Here's my two pennies worth on the whole sports washing debate (if anyone is interested)
I feel when Sheikh Mansour bought the club back in 2008 it is fairly clear it was with Abu Dhabi's backing, he is a member of their Royal Family after all. It was widely known that the UAE at that time were investing in industries around the world in order to build an economy less reliant on oil (there's that word) and one that could also fall back on various enterprises. Some of these included Virgin Galactic, the bail out of Barclays in '08 & clearly the acquisition of Manchester City.
Now, where I differ with the view point in that video is that I don't see this as being about clearing their image to the West or any other sinister motives for that matter. It is more about getting into the Western market in a way that has allowed them to secure their future, build influence and trade with a view to remaining on the world stage once the oil isn't viable. As a result we have seen in our own club the incredible job they have done in turning City into the best run football club on the planet along with the redevelopment of East Manchester.
Now let's look at the facts:
- Human rights abuses:
Whilst it's clear human rights are far from perfect in the UAE, it is in my view, very hypocritical for the press of the very nation that divided and fractured the region in the aftermath of WW1 to sit in their ivory towers and criticize the UAE, which for a start, holds a complete set of moral values to the West via the Sharia it follows as part of it's core identity. We all know the Middle East isn't Disney Land, but let's also not demonize the countries there that are actually rapidly improving and implanting Western culture, even giving to it, when it was the west that fractured and plundered the region of it's natural resources in the first place.
- Soft Power:
This, is just plain old Capitalism. Powerful people buy into industries for influence for all manner of reasons, it's is as old as the Pound itself. However, it would appear to me that it is only a problem when brown Muslim people do it, rather than the traditional white Westerners. If anyone can show me the facts of how Sheikh Mansour buying Manchester City, and then using it to develop land around Manchester and the UK, for better leverage with the UK government in other business ventures, has been a bad thing, I'll hold my hands up, however I will require solid evidence.
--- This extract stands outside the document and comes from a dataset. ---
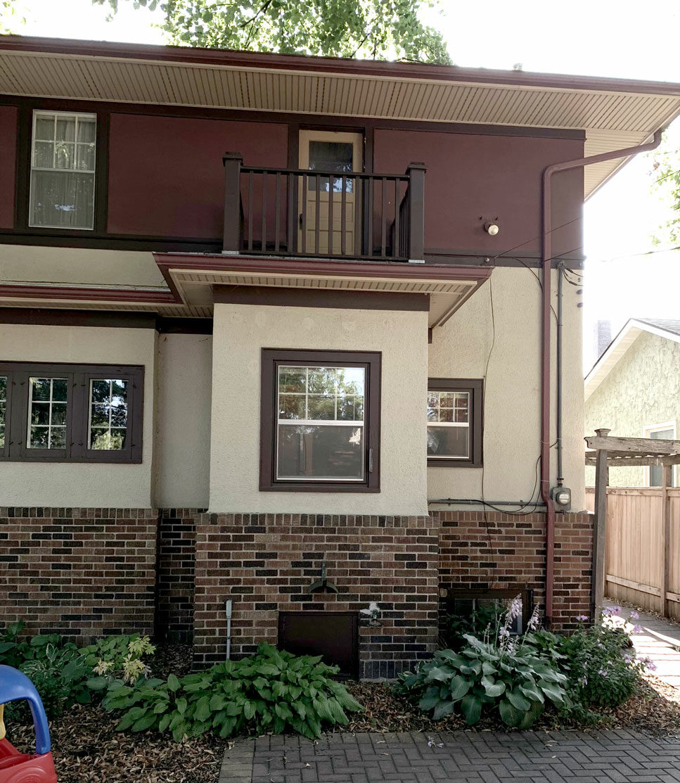 Before | The back of the home had a bump-out with a small balcony above. We'll remove the bump-out to make way for the new Addition, which will allow for a larger Kitchen on the first floor and an expanded Owner's bedroom above.

- City are bad for the game:
Our chairman nailed it best when he said 'we will not be held accountable for the poor decisions of other football clubs' or something to that effect. You can have all the resources in the world, but if you don't put the right people in the right place and invest in the right areas you just end up with an expensive mess, see FC Barcelona for a clear modern example of this, or Man Utd until recently. We ourselves are where we are today because we have invested wisely and built steadily with a clear model in place. City's investment has opened the door to the likes of Leicester, Tottenham & others to seriously complete in the Premier League, as before the takeover the Top 4 consisted of Man Utd, Arsenal, Chelsea & Liverpool year in, year out. Collecting all of that CL revenue and creating a gap to the rest. We have shattered that and redistributed money around the game, leading to a much better Premier League.
To summarize:
Our owners aren't perfect, if I could change the human rights abuses in the Middle East as a whole I would, but at the same time I respect that the UAE is trying to get better in comparison with the wider region, they are growing at a rapid rate whilst taking the best of Western culture to do so & that they have a different culture to our own. Just look at what they've done for the City of Manchester, women's football, the LGBT culture within the football club, this is just the stuff we know about. We haven't even touched the service on their other investments/business portfolio. They are not quite the brown backward Muslim's these groups make them out to be.
I also can not take the reporting of the likes of Miguel Delaney to be informed and factual, when, during our FFP trial he was presented with a brilliantly written article by a lawyer which pretty much detailed and called how the case would go, and totally dismissed it. It proved he has a narrative he is driven by regardless of facts. Any journalist worth his salt would of taken that info on board and ran with it.